According to the USDA’s Nutrient Database, one tablespoon of palm oil provides 120 calories, 14 grams of fat, including 7 grams of saturated fat (the same amount as in butter), 5 grams of heart-healthy monounsaturated fat and 1.5 grams of polyunsaturated fat. It also provides 2 mg of vitamin E and 1 mcg of vitamin K. In fact, the total trans-fat content in palm oil is minimum and less than 1 percent. In addition to that, ICMR- National Institute of Nutrition in Hyderabad, for the past few decades has emphasized that palm oil is not bad for the human heart. Due to its rich contents of vitamin A and E, red palm oil helps in preventing cancer, brain disease, aging; and treating malaria, high blood pressure, high cholesterol, and cyanide poisoning. Despite few claims of palm oil increasing cholesterol, most clinical studies have found that palm oil has a positive and protective effect on human heart health with the capability to reduce “bad” cholesterol and increase “good” cholesterol in human bodies. A controlled study in 1995 suggested that palm oil has the potential to help slow disease progression in people with established heart diseases.

While deliberating upon healthy and nutritional food, as is known, vitamin A deficiency is the most common and problematic issue especially in African and Southeast Asian countries which is subsequently caused by inadequate nutritional intake. The consumption of refined red palm oil assures in combating such hazardous deficiencies. According to the scientific pieces of evidence, refined red palm oil can reduce the risk of developing vitamin A deficiency if added to the diet of pregnant women and children. According to Harvard nutrition experts, palm oil is comparatively much better than high–trans-fat and butter. India ranks very low in terms of average nutrition intake with 75percent suffering from Vitamin deficiency, therefore consumption of moderate palm oil comprising the above-mentioned nutrients can help improve the situation.

The Food and Agriculture Organization (FAO) interprets the concept of survival as sustainable nutrition and extends it to the realm of food. The food that protects biodiversity, that is culturally accessible, economically fair, nutritionally adequate, and that has the capability to maximize human resources is considered sustainable in nature. Interestingly, palm oil is one such commodity that is sustainably cultivated and contains the required amount of nutrients to feed a larger population.

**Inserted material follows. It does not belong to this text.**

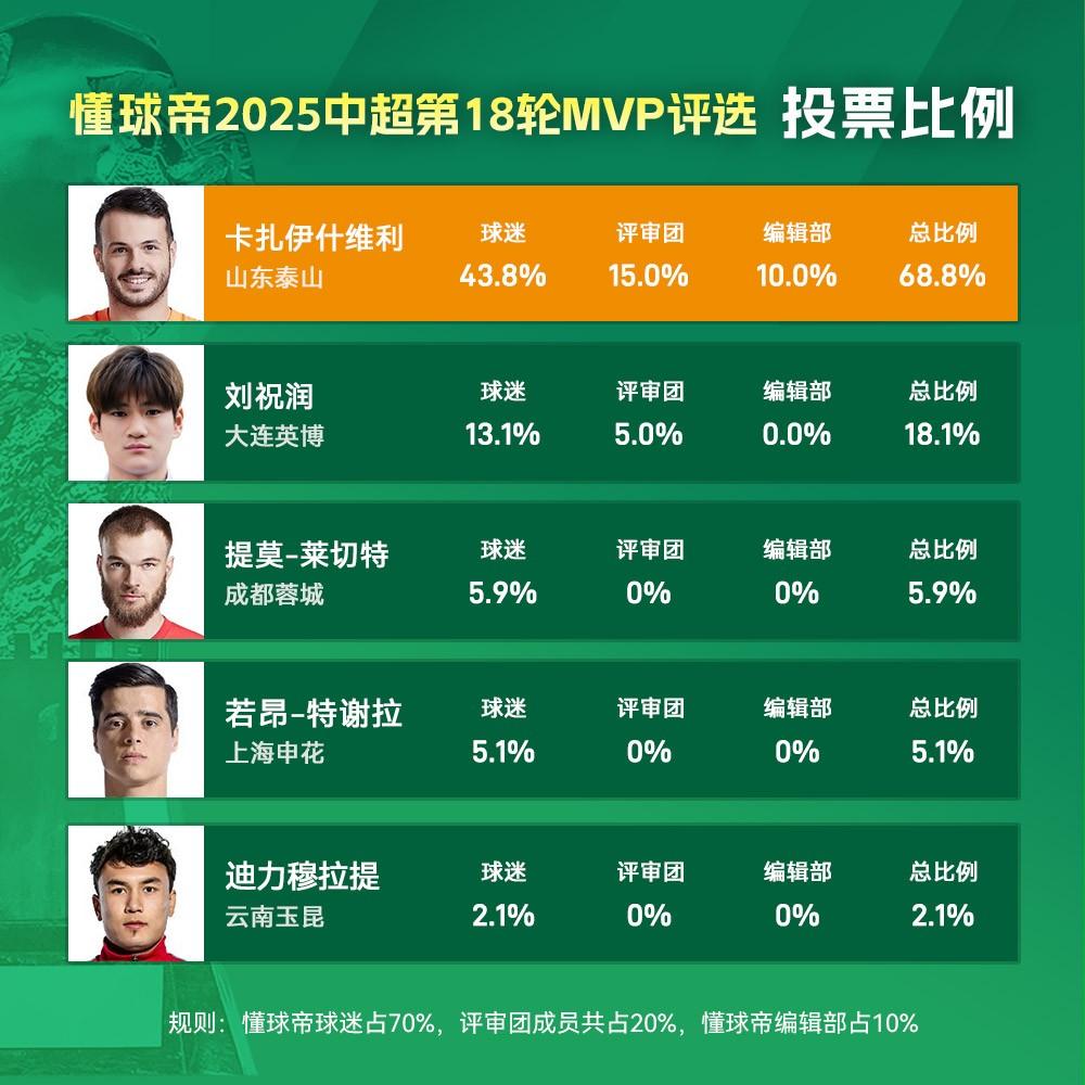 大家好,歡迎來到懂球帝2025賽季中超MVP評選現場。2025賽季中超第18輪MVP得主出爐,山東泰山外援卡扎伊什維利憑藉上演帽子戲法的滿分表現,以68.8%的得票率當選本輪MVP。這是瓦科第5次入圍懂球帝中超MVP候選,也是他首次獲獎。

As we talk about sustainably produced food, a study by the International Union for Conservation of Nature (IUCN) stated that “Palm oil contributes to almost 40% of the current global edible oil supply despite occupying only around 5.5% of the total global oil crop area (between 21.5 and 23.4 million hectares), which is the least as compared to any other edible oil crops in the world.” These figures categorically show that palm oil is the most sustainable edible oil crop across the globe despite the misconceptions and bad propaganda spread around the commodity. It is one such commodity that is easily accessible to people from all sectors and classes due to its affordability aspect.

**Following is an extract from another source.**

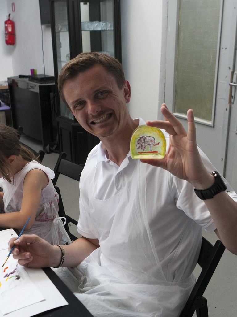 Popołudnie nadal upływało w artystycznej atmosferze. Po uroczystym urodzinowym deserze Kuby, który skończył 9 lat (sto lat !!!) podzieliliśmy się na grupy. Pierwsza z nich skoncentrowała się na wykonywaniu prac plastycznych pod tytułem „50 twarzy ryb”. Drugą grupę pochłonęły warsztaty teatralne przygotowujące do spektaklu. Nagrodą za aktywne zaangażowanie w dzisiejsze zajęcia była możliwość uczestniczenia w meczu.

As the most versatile crop, oil palm is comparatively high-yielding in nature and economically beneficial to the small-holders or farmers due to its less land requirement. Reports have shown that the palm oil industry contributes to 11 SDGs and has been able to achieve 65% of the No Deforestation commitments, unlike other oil seeds that lag way behind, Soybean at 11%, Rapeseed, and Sunflower at 0%. Currently, palm oil is the only vegetable oil in the world, to have mandatory as well as voluntary sustainability certification programmes. It is in everyone’s interest, especially our consumers that other vegetable oils start following sustainability certification. With an ever-increasing human population, it is significant to address misinformation around beneficial commodities like palm oil and propagate accurate knowledge among consumers. Moving forward, there is a need to promote healthy and sustainable food culture to strengthen global food security and retaliate against hunger and malnourishment issues faced by mankind. Sustainable palm oil is the way forward for assuring healthy food on your plates.